History review of Team of Rivals by Doris Kearns Goodwin

By Paul Carrier

Anyone who has a passing familiarity with American history knows that Abraham Lincoln won the Republican presidential nomination in 1860 and went on to capture the White House, setting the stage for the birth of the Confederacy and the outbreak of the Civil War.

But who can name the other, at that time more prominent, hopefuls who unsuccessfully sought the Republican nod that year? All three losing contenders, who initially viewed Lincoln as a political lightweight, went on to play major roles in his administration as he tried to preserve the Union during four bloody years of internecine warfare.

That’s the story Doris Kearns Goodwin brings to dramatic, vivid life in Team of Rivals, which explains how Lincoln’s political savvy led him to give key government posts to William Seward, Salmon P. Chase and Edward Bates, who opposed Lincoln’s bid to lead the Republican ticket in 1860 but later joined his Cabinet.

Goodwin opens with fairly detailed biographical sketches of all four Republican presidential candidates — Lincoln, Seward, Chase and Bates — covering the eventful years leading up to Lincoln’s nomination and election. It isn’t until more than 200 pages into her 750-page account that delegates finally gather in Chicago for the Republican National Convention of 1860. That background information may strike some as ancillary, but it provides context. The 1840s and 1850s were a tumultuous period that requires explication. Readers deserve a full examination of Chase, Seward and Bates, who obviously are not as well known now as they were then. Lincoln, too, comes into sharper focus, as Goodwin notes, “when he is placed side by side with his three contemporaries.”

Lincoln’s Cabinet included Chase as treasury secretary, Seward as secretary of state and Bates as attorney general. But they were not the only Cabinet members who had higher profiles than the man who hired them. Secretary of War Edwin Stanton, a vocal critic who once described Lincoln as a “long-armed ape”; Secretary of the Navy Gideon Wells; and Postmaster General Montgomery Blair fit that bill as well. “Every member of this administration was better known, better educated, and more experienced in public life than Lincoln,” Goodwin writes. Their presence in his inner circle “might have threatened to eclipse” the president, yet Lincoln emerged as “the undisputed captain” of this team of rivals.

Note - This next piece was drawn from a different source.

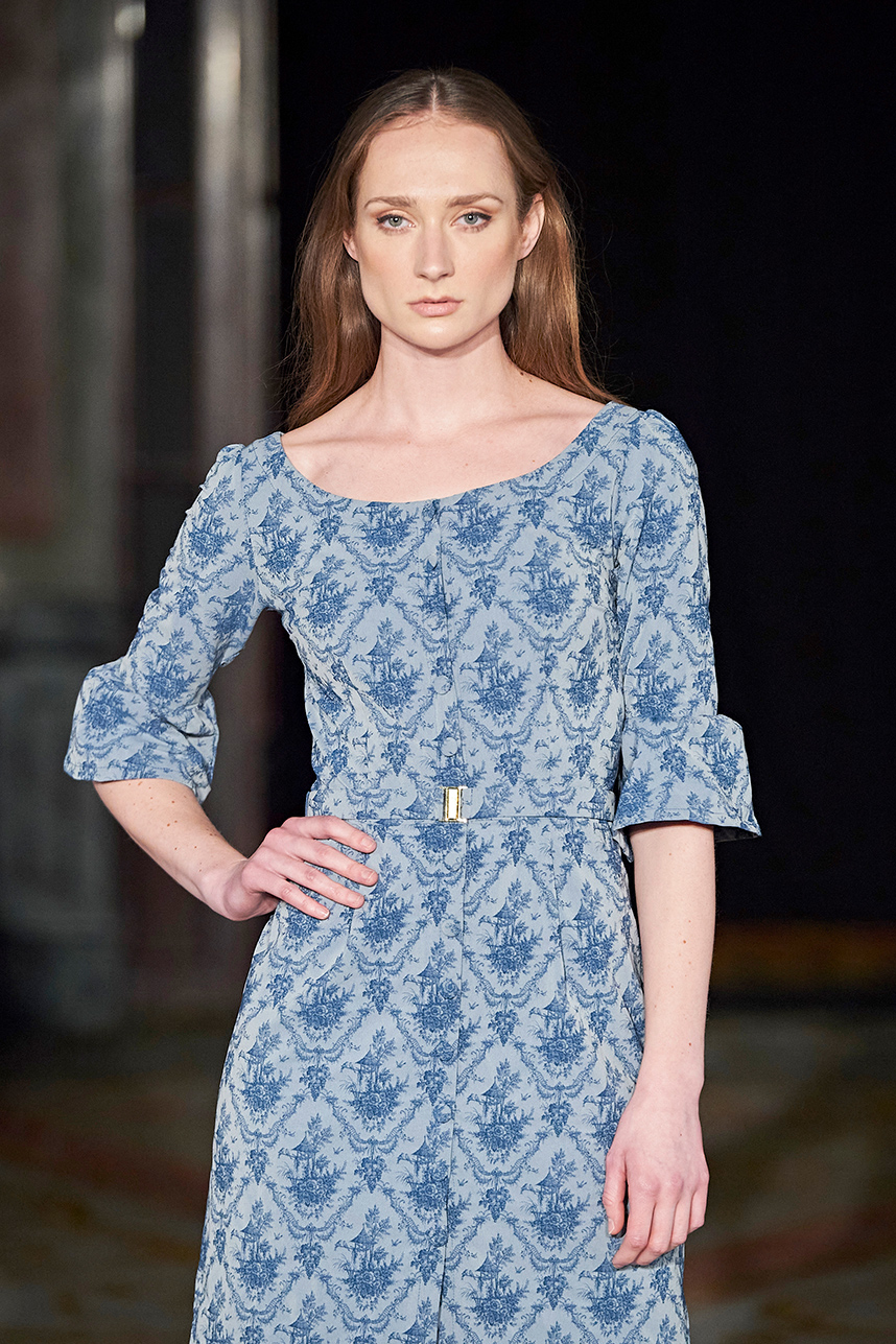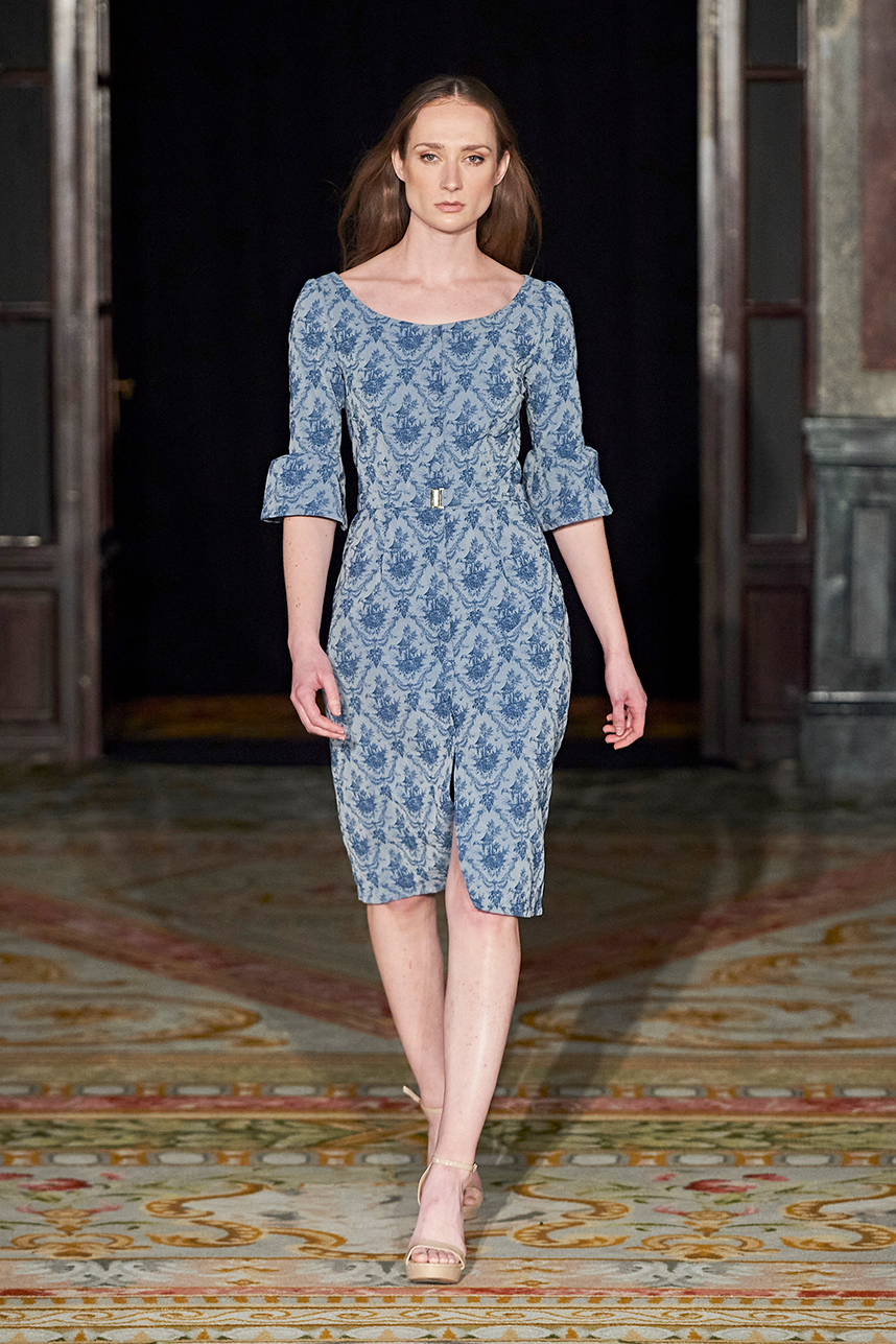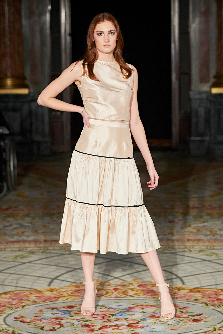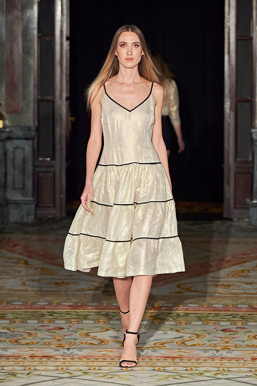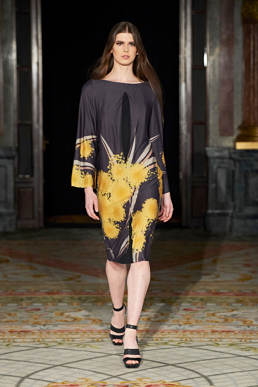 Wendy Ratcliffe from Australia, founder of InVintaged presented her collection “Chrysalis,” inspired by simple, classical vintage-inspired styles. The silhouettes were designed to perfectly enhance a modern woman’s natural elegance – From the 1920’s to 2020. Ratcliffe expertly paired silk velvets with chainmaille maintaining a classic femininity. Hand dyed Australian Merino Wool in shades Chainmaille, French navy, wattle yellow, black, smokey grey and Australian bush green were paired with silks with tailored draping and interesting details such as caped sleeves.

Goodwin illustrates how those who underestimated Lincoln did so at their peril. As the Republican National Convention prepared to choose its presidential nominee in 1860, Seward, Chase and Bates did not view Lincoln as a serious opponent. And Lincoln’s rivals continued to jockey for power after the election. When the newly elected Lincoln offered Seward the secretary of state’s job, Seward assumed he and his patron, New York political boss Thurlow Weed, would play a prominent role in selecting the rest of the Cabinet. That did not happen. Once in office, Seward saw the president as a mere figurehead who would do his bidding, until Lincoln set him straight.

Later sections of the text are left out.